▸ TASK
In the data below, set down exactly the lines from the one containing "Oostrozebeke, sections et" up to and including the one containing "De afwerking van". Leave the pictures out.

▸ SUPPLIED RECORDS
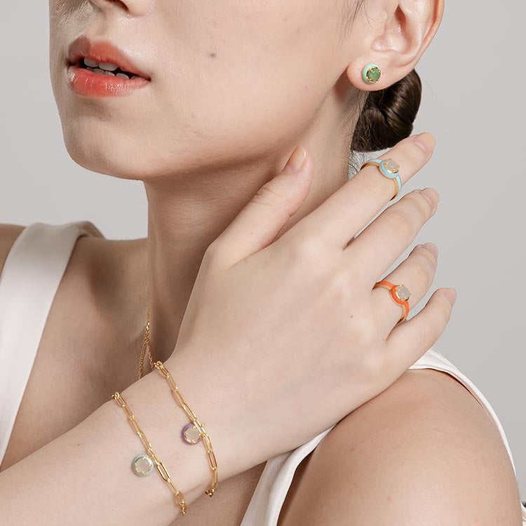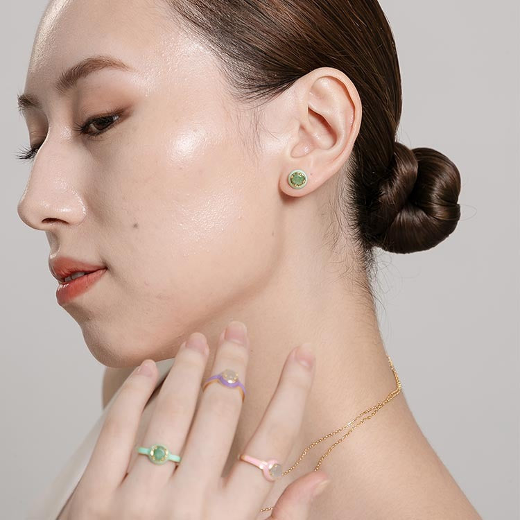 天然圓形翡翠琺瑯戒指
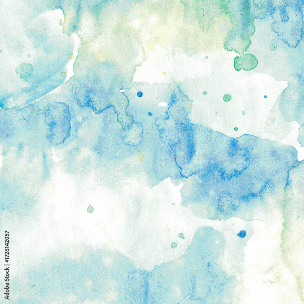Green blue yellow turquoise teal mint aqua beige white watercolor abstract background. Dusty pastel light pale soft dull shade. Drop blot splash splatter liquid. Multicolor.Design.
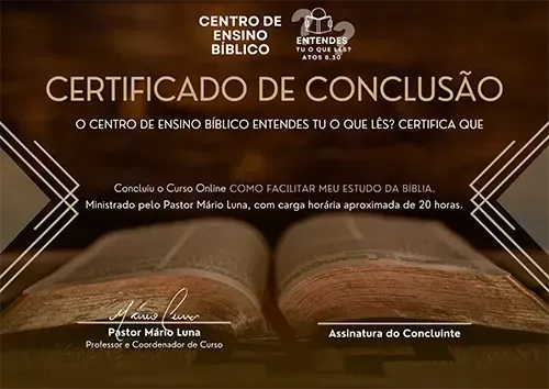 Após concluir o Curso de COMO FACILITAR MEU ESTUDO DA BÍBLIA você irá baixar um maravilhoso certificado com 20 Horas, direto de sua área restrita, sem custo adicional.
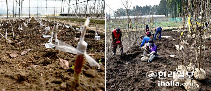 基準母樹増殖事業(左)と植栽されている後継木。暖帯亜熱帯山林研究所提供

==

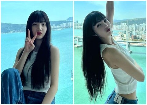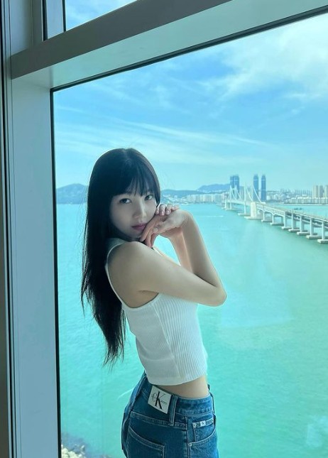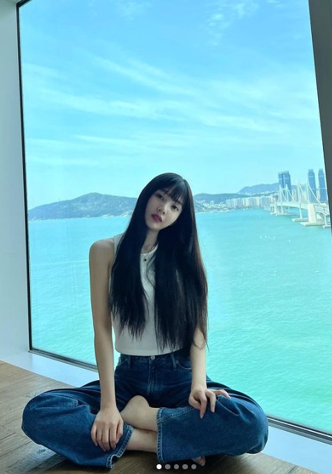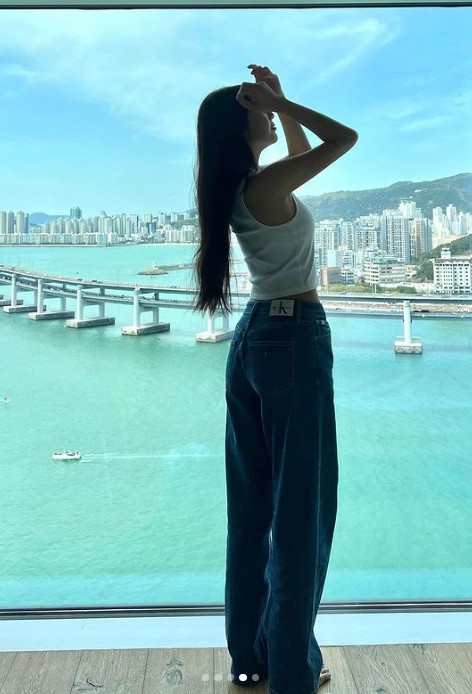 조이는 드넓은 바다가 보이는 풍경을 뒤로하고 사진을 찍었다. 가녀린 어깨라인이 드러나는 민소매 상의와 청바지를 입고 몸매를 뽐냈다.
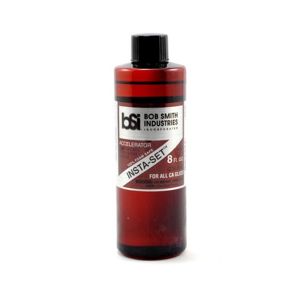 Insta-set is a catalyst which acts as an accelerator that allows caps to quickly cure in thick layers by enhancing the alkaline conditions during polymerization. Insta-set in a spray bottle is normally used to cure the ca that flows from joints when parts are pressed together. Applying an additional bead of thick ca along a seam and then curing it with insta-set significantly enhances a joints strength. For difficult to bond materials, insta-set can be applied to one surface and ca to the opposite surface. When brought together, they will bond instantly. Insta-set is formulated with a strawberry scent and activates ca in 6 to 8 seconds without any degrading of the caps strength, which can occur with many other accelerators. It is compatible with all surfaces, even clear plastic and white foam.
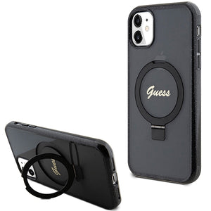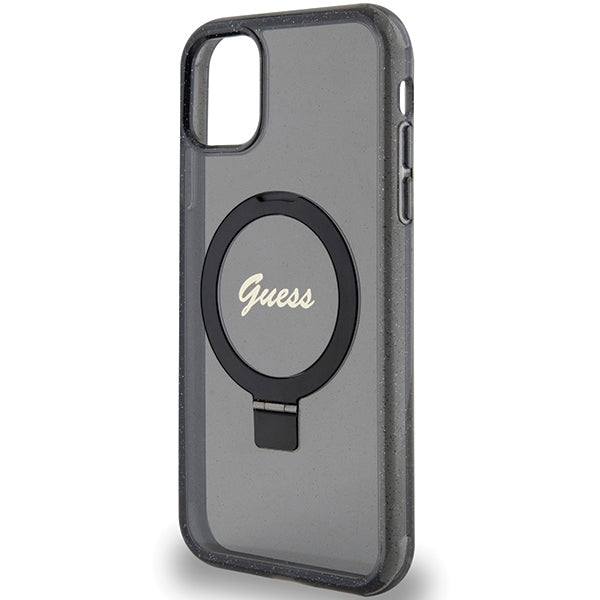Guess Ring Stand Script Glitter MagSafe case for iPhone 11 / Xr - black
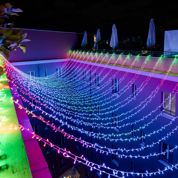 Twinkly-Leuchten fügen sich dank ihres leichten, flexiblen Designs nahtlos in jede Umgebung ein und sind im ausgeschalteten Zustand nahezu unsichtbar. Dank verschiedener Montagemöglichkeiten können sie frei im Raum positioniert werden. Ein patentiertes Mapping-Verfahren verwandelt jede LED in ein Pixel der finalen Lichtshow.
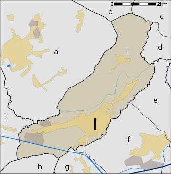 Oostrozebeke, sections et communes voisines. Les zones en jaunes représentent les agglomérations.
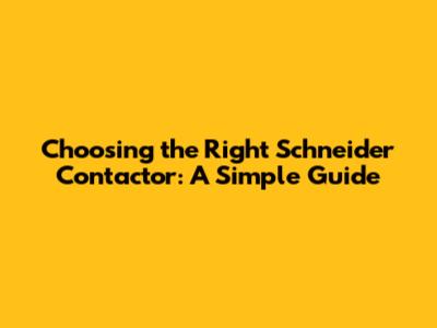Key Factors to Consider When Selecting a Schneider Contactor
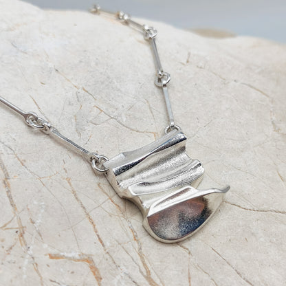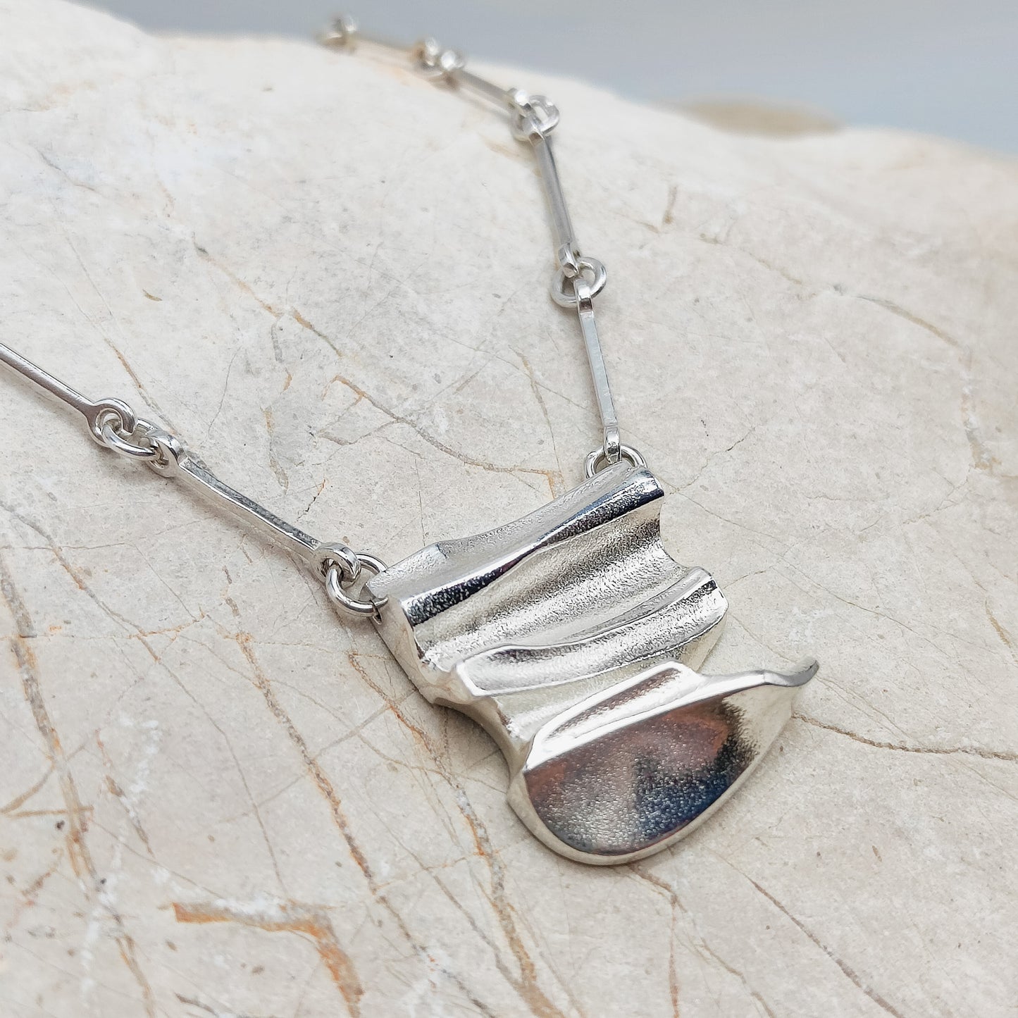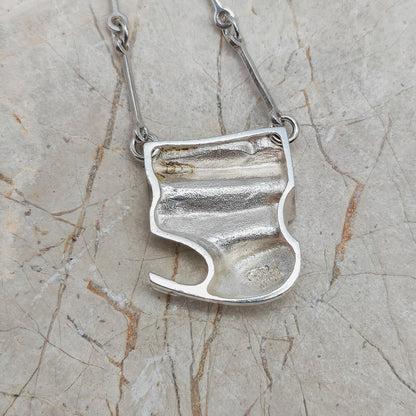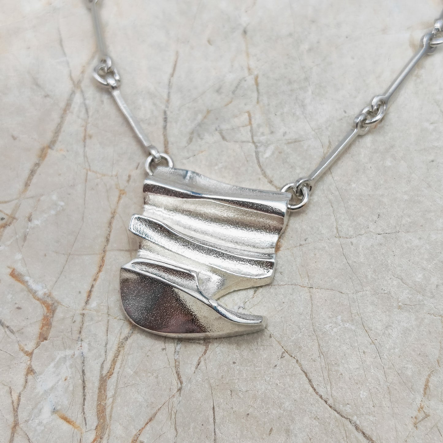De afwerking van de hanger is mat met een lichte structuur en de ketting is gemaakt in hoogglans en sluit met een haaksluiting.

---

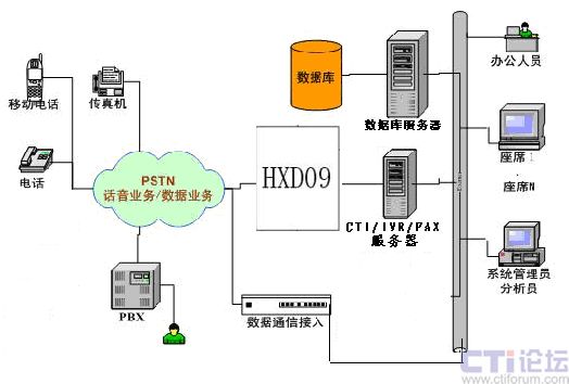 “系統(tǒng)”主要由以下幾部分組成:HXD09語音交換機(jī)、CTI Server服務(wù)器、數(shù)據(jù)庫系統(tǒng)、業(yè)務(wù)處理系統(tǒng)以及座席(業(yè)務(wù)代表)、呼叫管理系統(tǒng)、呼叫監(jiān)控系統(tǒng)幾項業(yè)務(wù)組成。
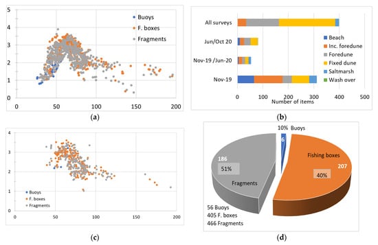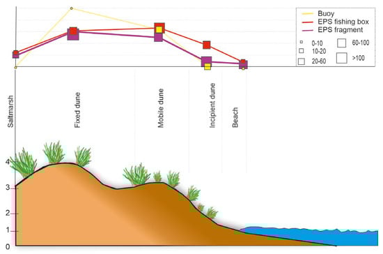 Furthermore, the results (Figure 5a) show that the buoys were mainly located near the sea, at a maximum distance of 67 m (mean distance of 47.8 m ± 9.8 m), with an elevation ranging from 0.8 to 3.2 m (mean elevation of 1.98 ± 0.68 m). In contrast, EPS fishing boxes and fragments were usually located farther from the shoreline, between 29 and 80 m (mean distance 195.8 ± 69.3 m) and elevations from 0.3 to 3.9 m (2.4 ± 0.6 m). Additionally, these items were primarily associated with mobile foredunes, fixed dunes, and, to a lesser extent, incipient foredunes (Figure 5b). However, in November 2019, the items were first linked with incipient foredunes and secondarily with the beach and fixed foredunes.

▸ YOUR RESPONSE
 Oostrozebeke, sections et communes voisines. Les zones en jaunes représentent les agglomérations.
Key Factors to Consider When Selecting a Schneider Contactor
De afwerking van de hanger is mat met een lichte structuur en de ketting is gemaakt in hoogglans en sluit met een haaksluiting.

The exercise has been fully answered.